Is a virtual machine for Cocoa programming inevitable?

Please note: this article is part of the older "Objective-C era" on Cocoa with Love. I don't keep these articles up-to-date; please be wary of broken code or potentially out-of-date information. Read "A new era for Cocoa with Love" for more.

Recent articles by John Siracusa and Jesper have re-ignited some discussion about whether Apple might be working on another programming language to replace Objective-C. Neither of these articles closely examined a related but possibly more important question: is Apple planning to move application development to a virtual machine?
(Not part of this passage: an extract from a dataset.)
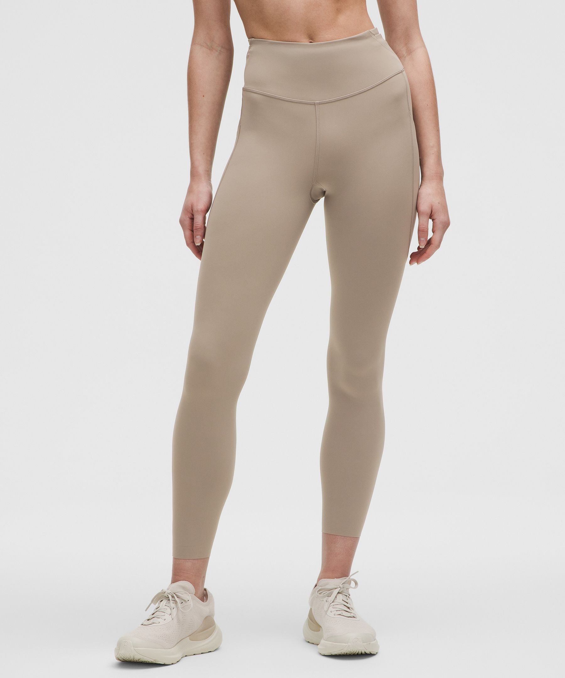 Reflective, Drawstring, Pocketed, Lightweight, Seamless. Designed for Running. Intended to sit above ankle. Set your run free. This five-pocket version of our Fast and Free tight has seam-free inner thighs and a streamlined waistband to maximize that smooth, weightless feeling. | lululemon – Women’s Fast and Free High-Rise Tight Leggings 5 Pocket – 25″ – Color Grey/Khaki – Size 10

In this article, I'll look at why I think moving to a virtual machine might happen along with a possible language transition.

Disclaimer: this entire post is either a) speculation, b) aspiration or c) incrimination.
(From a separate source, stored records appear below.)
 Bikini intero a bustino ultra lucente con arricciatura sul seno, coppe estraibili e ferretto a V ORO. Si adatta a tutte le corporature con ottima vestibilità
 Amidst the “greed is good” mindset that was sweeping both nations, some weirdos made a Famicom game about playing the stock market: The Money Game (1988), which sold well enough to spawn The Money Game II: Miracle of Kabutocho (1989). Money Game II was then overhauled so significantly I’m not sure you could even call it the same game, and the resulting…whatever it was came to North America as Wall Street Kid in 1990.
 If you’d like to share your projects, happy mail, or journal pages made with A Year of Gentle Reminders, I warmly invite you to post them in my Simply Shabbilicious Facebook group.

Introduction: criticisms of Objective-C

Programmers, onlookers and pundits have criticised Objective-C for longer than Apple has been using it.

If the criticisms were valid and pressing, most could actually be addressed without replacing Objective-C/Cocoa.

Fixable complaints in the language and APIs include the lack of tuples, slices, maps or associations at a syntax level; the lack of template programming; the lack of namespaces; the lack of default parameters to methods; the lack of operator overrides/overloading; leaks and premature collection by the garbage collector (or lack of garbage collection on iOS platforms); the wordy, camel-coded naming conventions; the lack of package management; the lack of out-of-the-box support for "business" APIs like REST, SOAP, SQL, etc. Even the commonly mocked square bracket method invocation syntax could be changed (or supplemented) if the need existed.

None of these criticisms in isolation is a reason to replace Objective-C. All you could argue is that if Objective-C actually needed to change all of these points, then perhaps you might as well replace the entire language.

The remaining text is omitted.